However, if we use UNION ALL, we notice that the docker container we are using crashes (after a while)! Let’s try to understand why. The query, although using “recursive” as keyword, is run iteratively. The first iteration returns the anchor member:

 employee_id | manager_id |    full_name
-------------+------------+-----------------
           2 |          1 | Megan Berry
           2 |         20 | Megan Berry

The recursive member’s first iteration returns the direct subordinates(s) of Megan Berry:

 employee_id | manager_id |    full_name
-------------+------------+-----------------
           6 |          2 | Bella Tucker
           7 |          2 | Ryan Metcalfe
           8 |          2 | Max Mills
           9 |          2 | Benjamin Glover

The recursive member’s second iteration returns the direct subordinates(s) of the above rows.

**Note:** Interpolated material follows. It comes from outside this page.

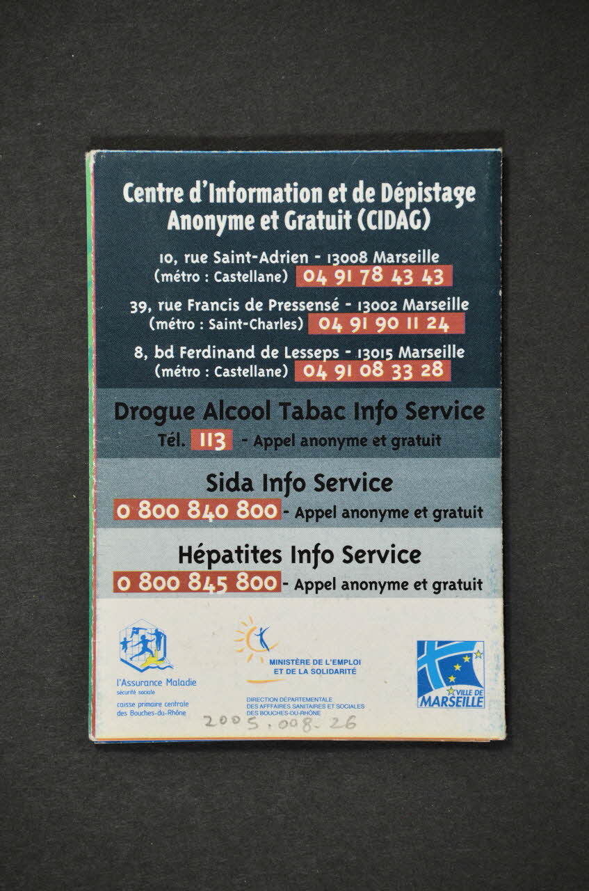 Centre d'Information et de Dépistage // Anonyme et Gratuit (CIDAG) // // 10, Saint-Adrien - 13008 Marseille // (métro : Castellane) // // 39,rue Francis de Pressensé- 13002 Marseille // (métro : Saint- Charles) // // 8, bd Ferdinand de Lesseps - 13015 Marseille // (métro : Castellane) (En blanc sur le côté supérieur.), versoSous-titre
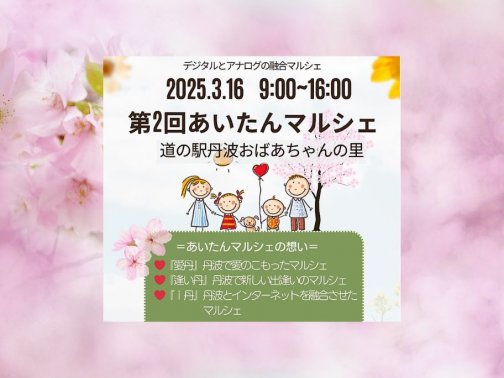 第二回あいたんマルシェが3月6日(日)に道の駅おばあちゃんの里にて開催されます。春を感じられる良い時期になってきました。おばあちゃんの里は道の駅の中でも大人気の道の駅です。丹波の名産や、地元で取れるお野菜や加工品、色んな物が揃っていて楽しいんです。このおばあちゃんの里でマルシェを開催されるので出店します。出店の中にも小さなお店が入ってるそんなイメージで色んな方の素敵な商品を出店します。春の丹波に是非遊びに来てください。 …続きを読む

 employee_id | manager_id |    full_name
-------------+------------+-----------------
          16 |          7 | Piers Paige
          17 |          7 | Ryan Henderson
          18 |          8 | Frank Tucker
          19 |          8 | Nathan Ferguson
          20 |          8 | Kevin Rampling

The recursive member’s third iteration returns the direct subordinates(s) of the above rows. Employees 16-19 do not have any subordinates, but employee 20 does: Megan Berry! This is where the circular reference occurs. When using UNION, the duplicate row is removed and the query terminates because there are no more new rows to process. However, when using UNION ALL, the duplicate row is not removed and the query continues to run forever.

What can we do to mitigate the risk of running a query which won’t terminate? Can we use a LIMIT clause? Unfortunately not, since it is only applied tp the final result.

As a safety net, we can set the timeout for the session. In Postgres, this is done like so:

SET statement_timeout = 10000; -- 10 seconds